As early as 1974, Florida considered funding a Miami–Orlando service using Turboliners, with expansion statewide possible. Amtrak ultimately introduced the first Silver Palm as a single round trip service between Miami and Tampa, Florida, on November 21, 1982. The train was subsidized by the Florida Department of Transportation as a 403(b) service. The train operated over the tracks of the Seaboard System Railroad between Miami and Tampa via Auburndale. The northbound train departed Miami in the morning and returned from Tampa in the afternoon. Travel time was approximately five hours in each direction. A bus connection was provided between and . It followed the traditional SAL mainline through Wildwood and Ocala in north-central Florida.

The Silver Palm was the first intrastate train to use the then-new Amfleet II coaches. The initial consist was two coaches and a cafe car.

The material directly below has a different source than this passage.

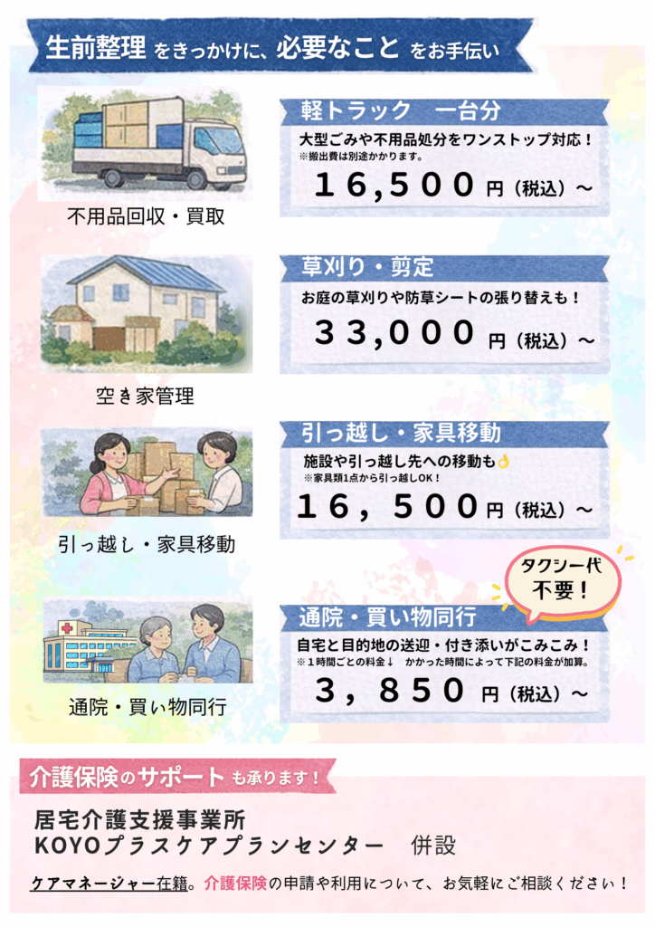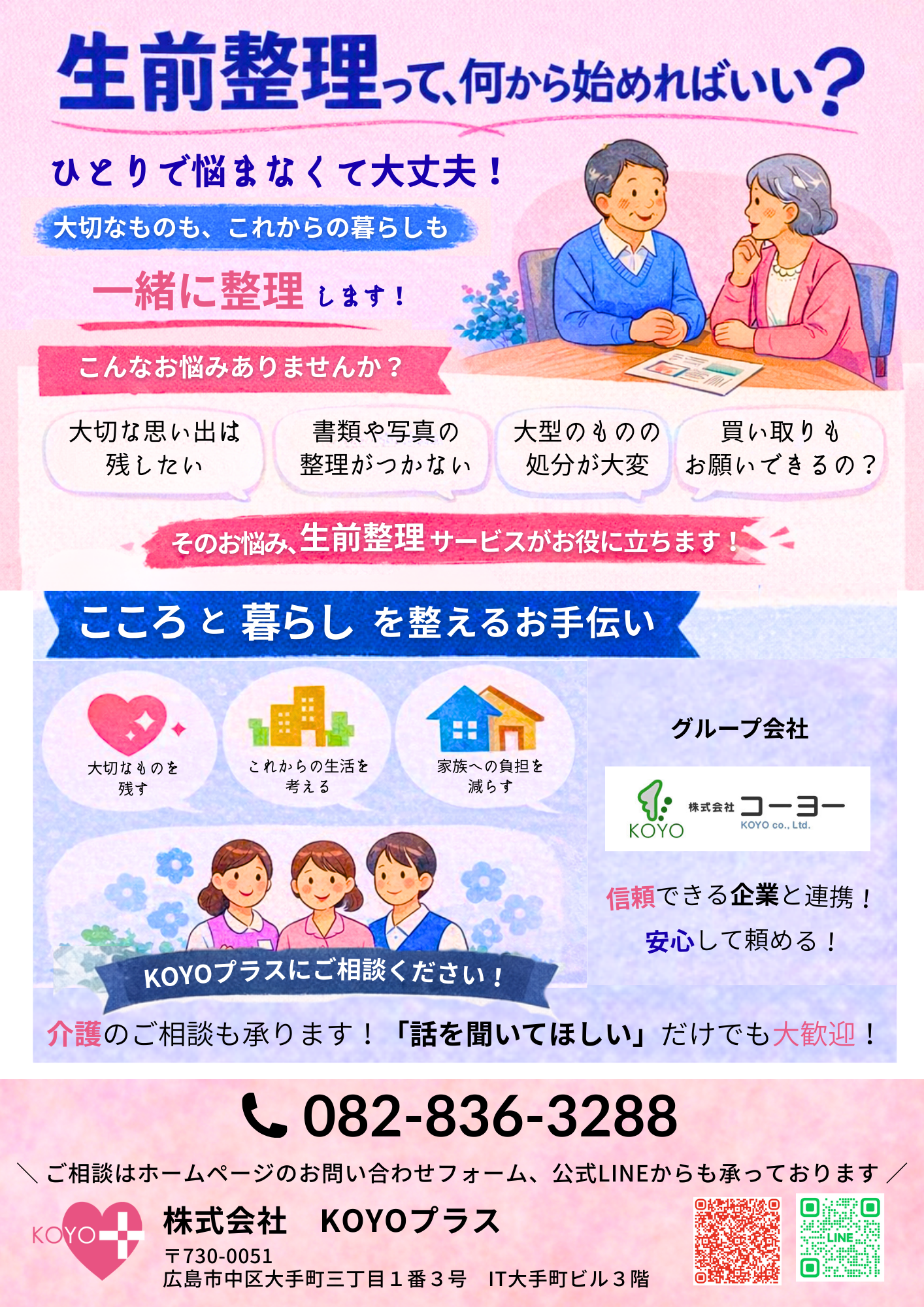 「生前整理って何から始めたらいい?」「どこにお願いしたらいい?」そんなお困り事に対してKOYOプラスができることをチラシにしました!
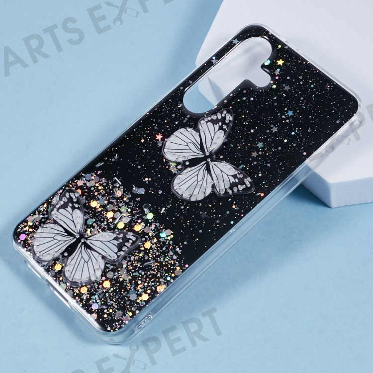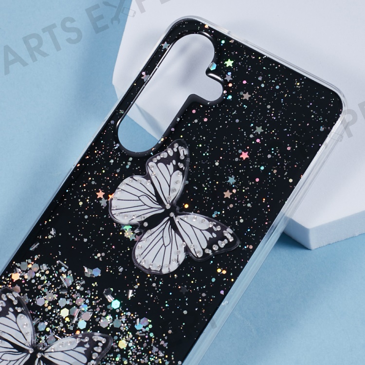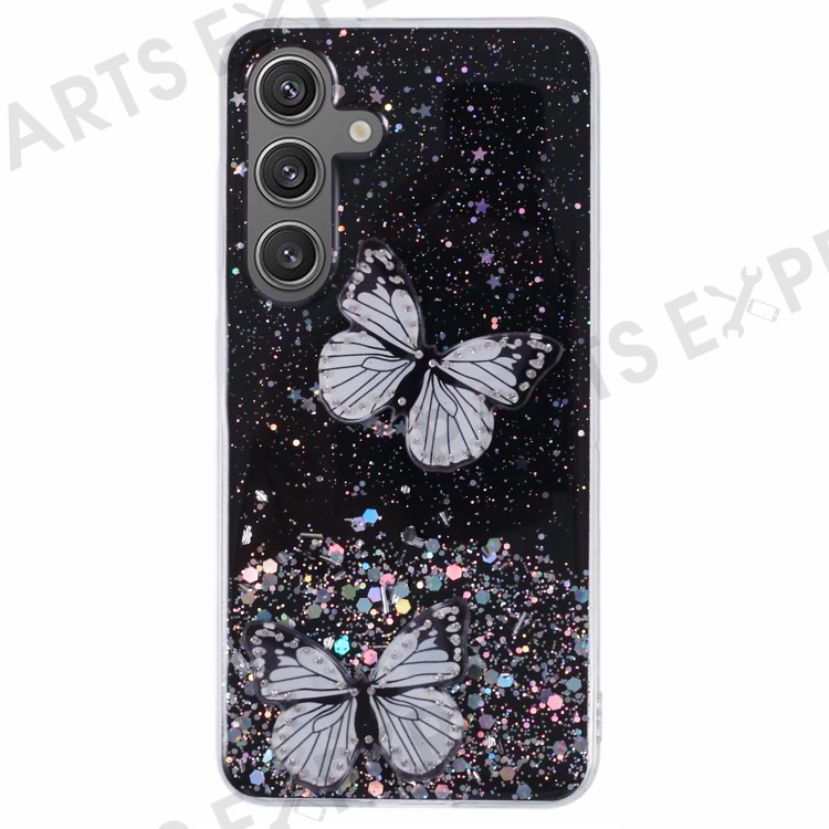 For Samsung Galaxy S25 Case Epoxy PVC Butterfly TPU Aesthetics Phone Cover - Black

During its service, train crew were required to manually throw switches for the train to operate between divisions. Amtrak had worked to remove speed restrictions on the line and considered adding more stops in an effort to improve service and increase the train's profitability. The state also tried to help boost ridership following a publicity tour by then Lieutenant Governor Wayne Mixson in August 1984, in part to build a base of riders for proposed high-speed service in the state. After a two-year trial the Florida Department of Transportation recommended ending subsidies for the Silver Palm. State law required that state-sponsored services maintain a farebox ratio of 60% to continue funding.

FDOT announced on October 20, 1984, that the Silver Palms ratio was 45.3%. The service was scheduled to be discontinued on November 20, 1984. The Florida Coalition of Rail Passengers sued the state, arguing that the Department of Transportation had calculated the operating ratio incorrectly, and won at the district court level. This decision was overturned on appeal by the Florida First District Court of Appeal on March 28, 1985. The Silver Palm was discontinued on April 30, 1985. It was estimated to have cost $4 million over the course of its run.

=== Revived name ===

The second Silver Palm was a long-distance passenger train between New York, New York, and Miami, Florida. This was a revival of the Palmetto, which Amtrak had discontinued on April 1, 1995. Service began on November 10, 1996. For a period in the mid-1990s, as in the 1996-1997 season, it was Amtrak's only train passing through Ocala area north-central Florida section in 1996. Amtrak restored the Palmetto name on May 1, 2002, after the train lost sleeping and dining car service.

=== Proposed restoration ===
Currently, only the Silver Star (which has been temporarily replaced by the Floridian) provides daily Amtrak service between Miami and Tampa. A proposal called Amtrak Connects US outlines 15-year expansion plans for state-supported intercity rail corridors, with one of the routes being between Miami and Tampa. It would follow the same route as the Silver Palm, with stops at all the same stations as well as an additional stop at the Okeechobee station.